2. Understand the differences among ambulatory care models. Hospitals need to understand the differences among different ambulatory care models, because urgent care centers are vastly different from employer-based clinics, according to Mr. La Penna. While urgent care centers treat any patient that comes in with a minor condition, employer-based clinics provide primary care to a specific group of patients. Knowing these differences can help hospitals better partner with employers. "They should be arming themselves with information about this industry so they can go in and demonstrate to employers that they're every bit as capable as an outside vendor to provide the type of service that the employer is seeking," Mr. La Penna says.

3. Build relationships with employers. Hospitals should begin to form relationships with self-funded employers in the community to gauge their interest in worksite clinics and discuss how the hospital may be able to fit in that model. "The reason vendors are trumping hospitals is the fact that their sales teams are out, talking to employers to try to find out needs they can fulfill," Mr.
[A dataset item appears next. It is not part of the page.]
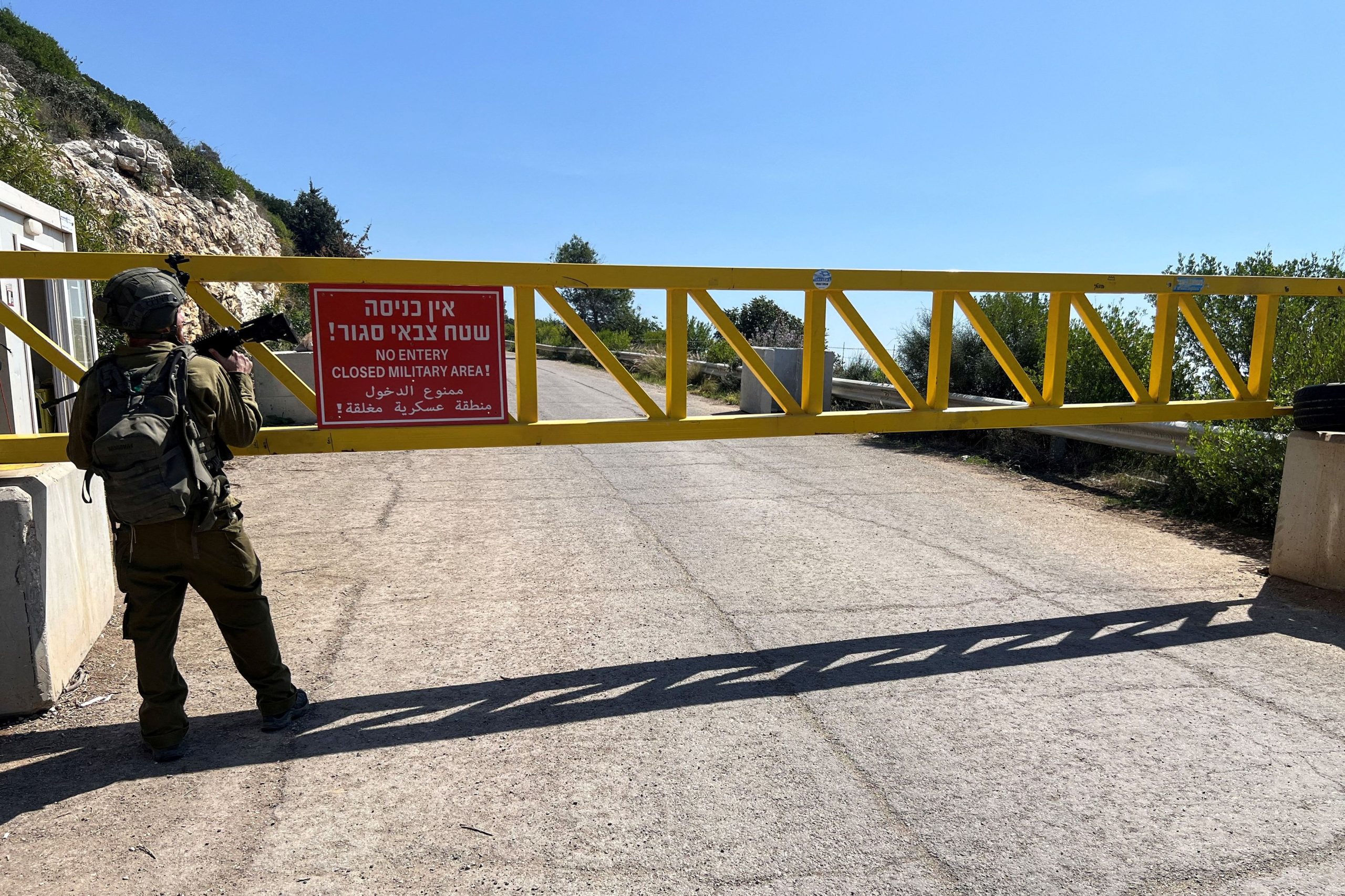 FILE PHOTO: An Israeli soldier stands next to a gate on a road near the Israel-Lebanon border, in Israel, March 12, 2025. REUTERS/Avi Ohayon/File Photo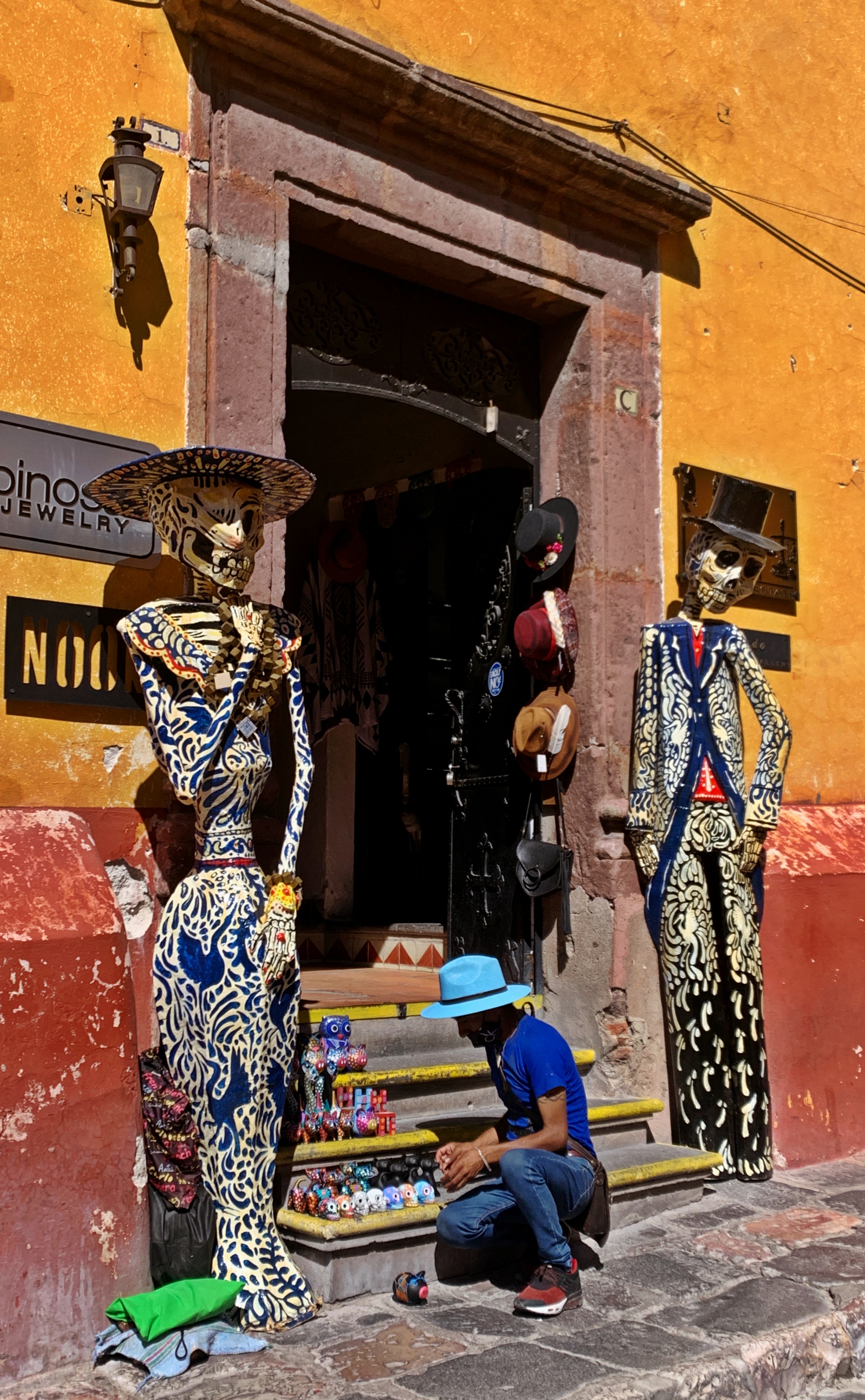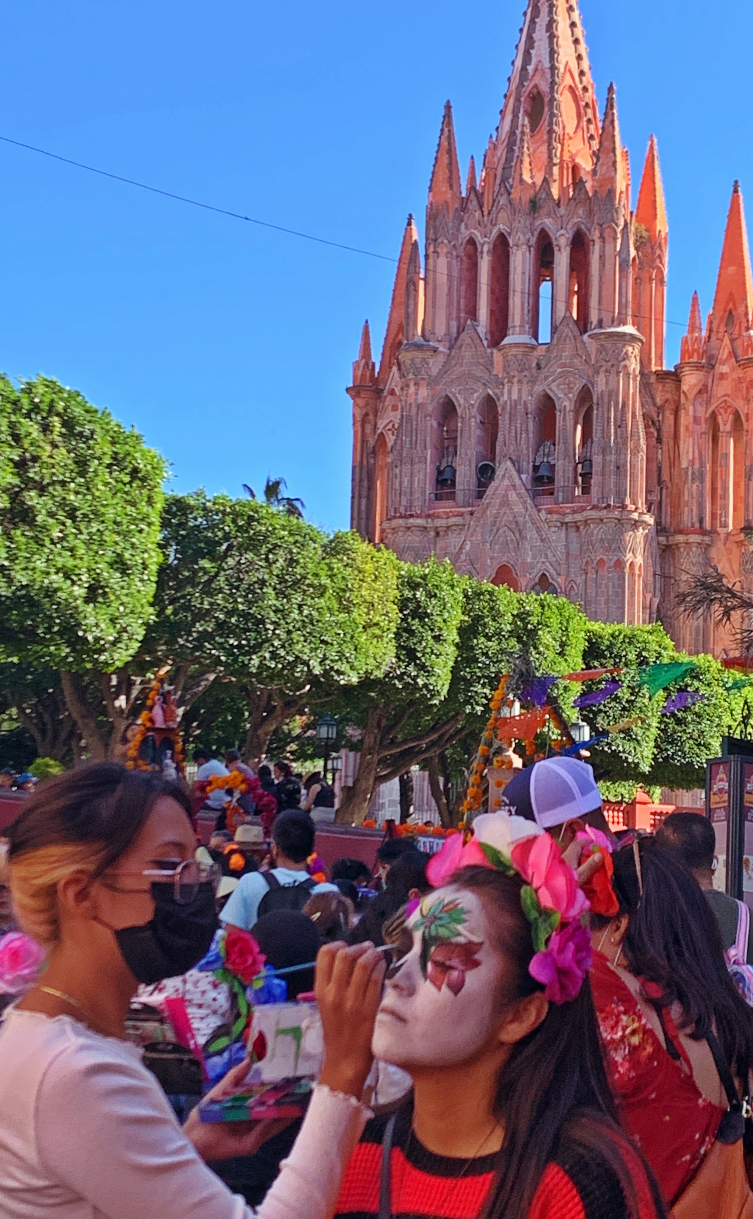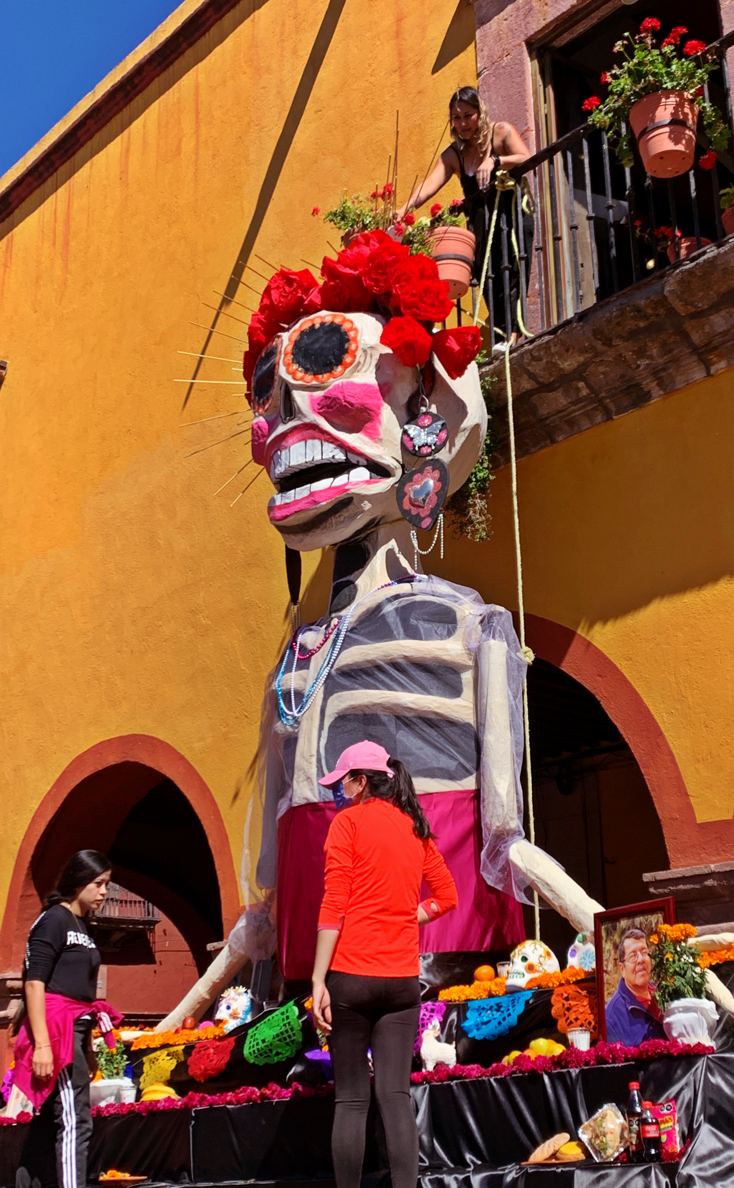 My host, Sofia Ibarra, on the left, with her best friend.a giant alebrijeCatrina lurking in a plaza“Here waiting for the clients”The aguagete in CholulaThe aguagete in Cholulain the Plaza de la Concordia in CholulaParroquia de San Pedro

La Penna says. "Hospitals have to be at the plant or employer's CEO- or chief HR officer-level, constantly discussing new opportunities and new models. They can't lay back in this effort, or they'll have their lunch eaten by firms who are more proactive."

4. Consider partnering with a vendor. Hospitals can also approach outside vendors about jointly partnering with an employer. "A hospital may consider if there's a very aggressive vendor in the community, partnering with the vendor, because it's out there doing the sales job that the hospital may not be equipped to do," Mr. La Penna says.

In summation, Mr. LaPenna observed that the rise in on-site workplace clinics has now been established as a market factor that cannot be ignored. He observed, "This trend is one that can easily be missed by a hospital since it usually does have some kind of occupational health service and it generally treats workers in a variety of its existing service lines. However, this is not about occupational health, it is about population health and the employers that are leading the way with their own programming. The hospital that can understand an employer's needs is going to have an important partnership with a local enterprise that controls a significant and important patient base."